In countries like India, losing a crop can be a matter of life and death. The same is true in Bangladesh and other nations. At the same time, we’re also facing a labor shortage. Even with our massive population, fewer people are willing to do the hard manual work required in agriculture, especially in scorching heat over 100°F, which is becoming more common.
If I were a cotton picker in India today, I wouldn’t want my children following the same path. I’d want them to move to Bombay or Bangalore, earn a degree in IT, and work for Infosys or IBM. That mindset is spreading, and it’s pulling people away from farming.
So we’re heading toward a future where we won’t have enough people willing to farm. That means farming itself will need to change.
We’re likely to see more cooperative models, contract farming, and a shift away from one- or two-acre plots, India’s current average farm size, toward larger, professionally managed operations. The Amul model comes to mind as a successful example. Larger collectives can bring technology into the fields in ways that smallholders simply can’t. On a two-acre farm, it’s hard to afford tractors or advanced equipment. But a professionally managed farm of hundreds of acres can operate scientifically and efficiently.
India, despite producing over 330 million tons of grain annually, still suffers from low productivity per acre. The same is true for crops like cotton. We’ll be able to improve yield by applying scientific tools and technology that already exist, and by accelerating access to them in places like India.
This shift will also require agricultural policy reforms, especially around marketing and subsidies. In India, subsidies have distorted the system. For example, farmers often receive free electricity, which encourages overuse and waste. That’s driven more by politics than by agricultural logic, and it must change.
Farming will become more market-based and market-driven. And with that shift will come the kind of efficiencies and innovations that markets tend to deliver, especially in developing countries.
This trend isn’t limited to India. I see it unfolding in Africa as well. Africa is three to four times the size of India and holds vast amounts of arable land. Right now, though, much of it is underutilized. Scientific agriculture hasn’t yet taken root in many parts of the continent, and access to high-yielding seeds remains limited.
But that’s going to change. I believe many African countries that currently import food will become food exporters in the future. Africa has the potential to become a global breadbasket.

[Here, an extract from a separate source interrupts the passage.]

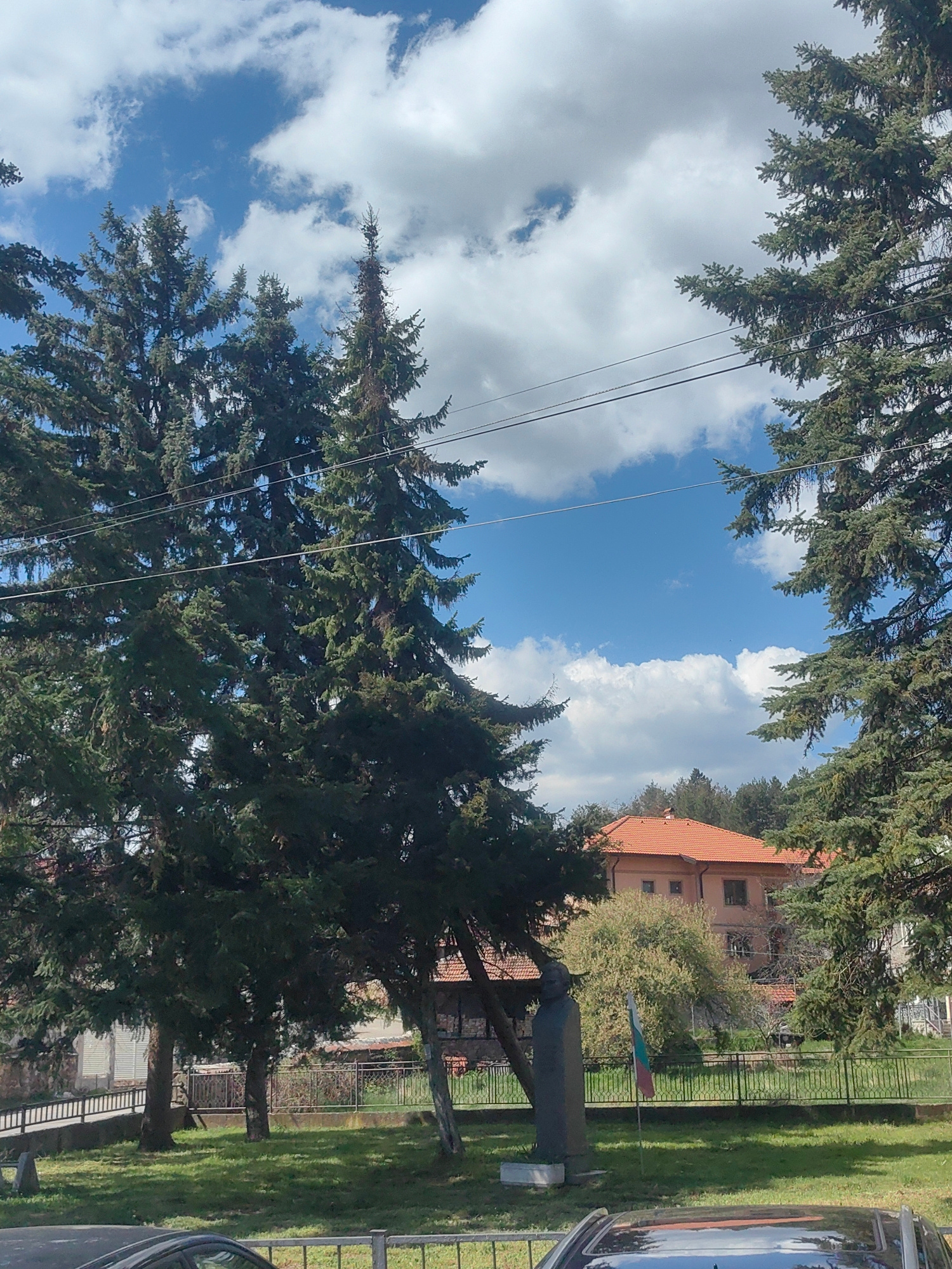 The image presents a view in Lokorsko, Bulgaria, featuring a building with a red tile roof partially obscured by tall evergreen trees, a statue, and a Bulgarian flag. The sky is visible between the tr…read more

Rhishi: In the way you communicate, you seem to enjoy experimenting with different formats. You’re active on Twitter, and I even came across a rap video from a few years ago. I think it was by someone named Rohan Prakash, is he related to you?

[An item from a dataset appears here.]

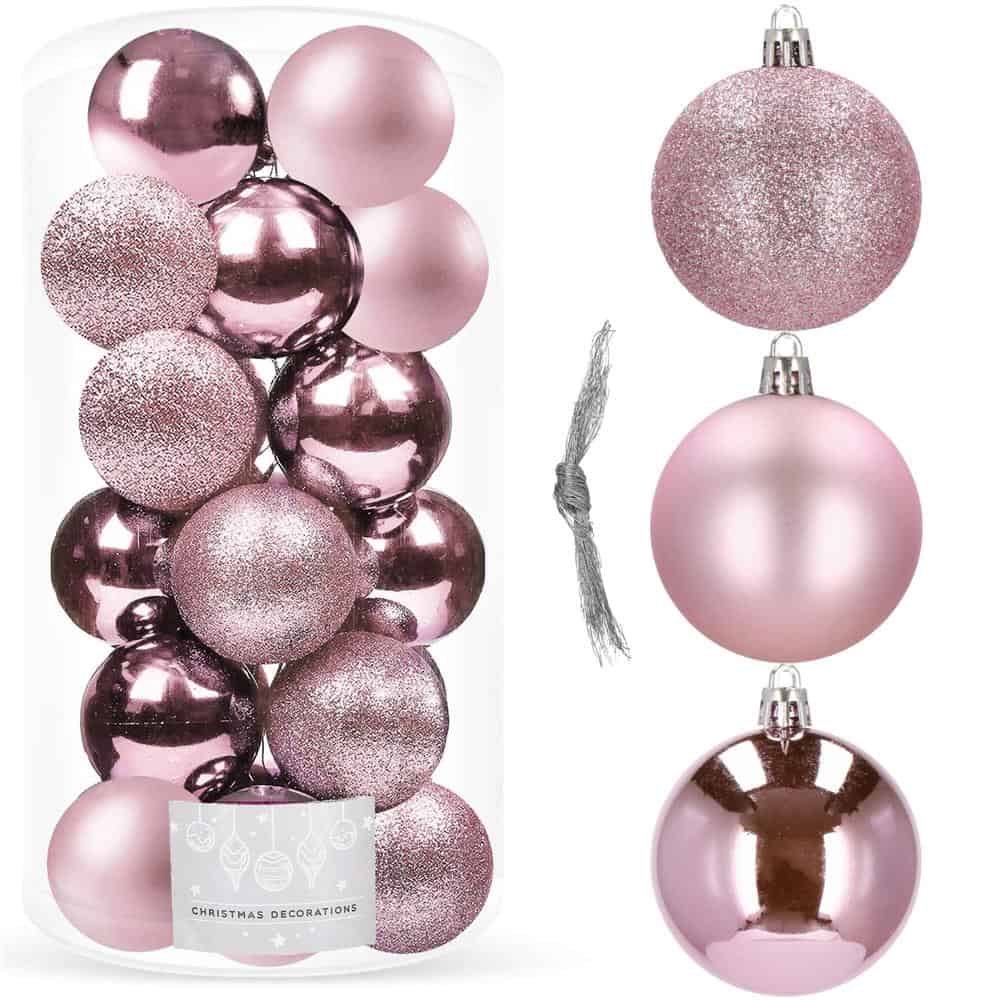 Set globuri de Craciun, 20 bucati, 3 modele, 4cm, roz Mob360

CHANNA PRAKASH: Yes, that's my son. When he was 11 years old in 2003, I was celebrating Norman Borlaug's birthday (90th). And his sister had just passed away, so he didn't want to celebrate in a very big way in person. But I thought I'll use this opportunity to help publicize his name as he is not a common name.
I asked myself, What can I do to bring some street cred to the name Borlaug? And I thought, why not rap?
Norman Borlaug Rap
At the time, I was working at a historically Black university, and I saw rap as a powerful medium for communication. So I asked my 11-year-old son to create a rap about Dr. Norman Borlaug. He recorded it, and we called it “The Norman Rap.”
Even today, on Borlaug’s birthday, schools still play that song. When I was in Iowa for the World Food Prize, one of the schools there played it during the event. That gave me such a thrill.
To me, this is the heart of what we must do: learn to communicate science in ways people can truly connect with. And if that means using rap to tell the story of a Nobel laureate who helped feed the world, then so be it.
Rhishi Pethe: Thank you Dr. Prakash for a very inspiring conversation!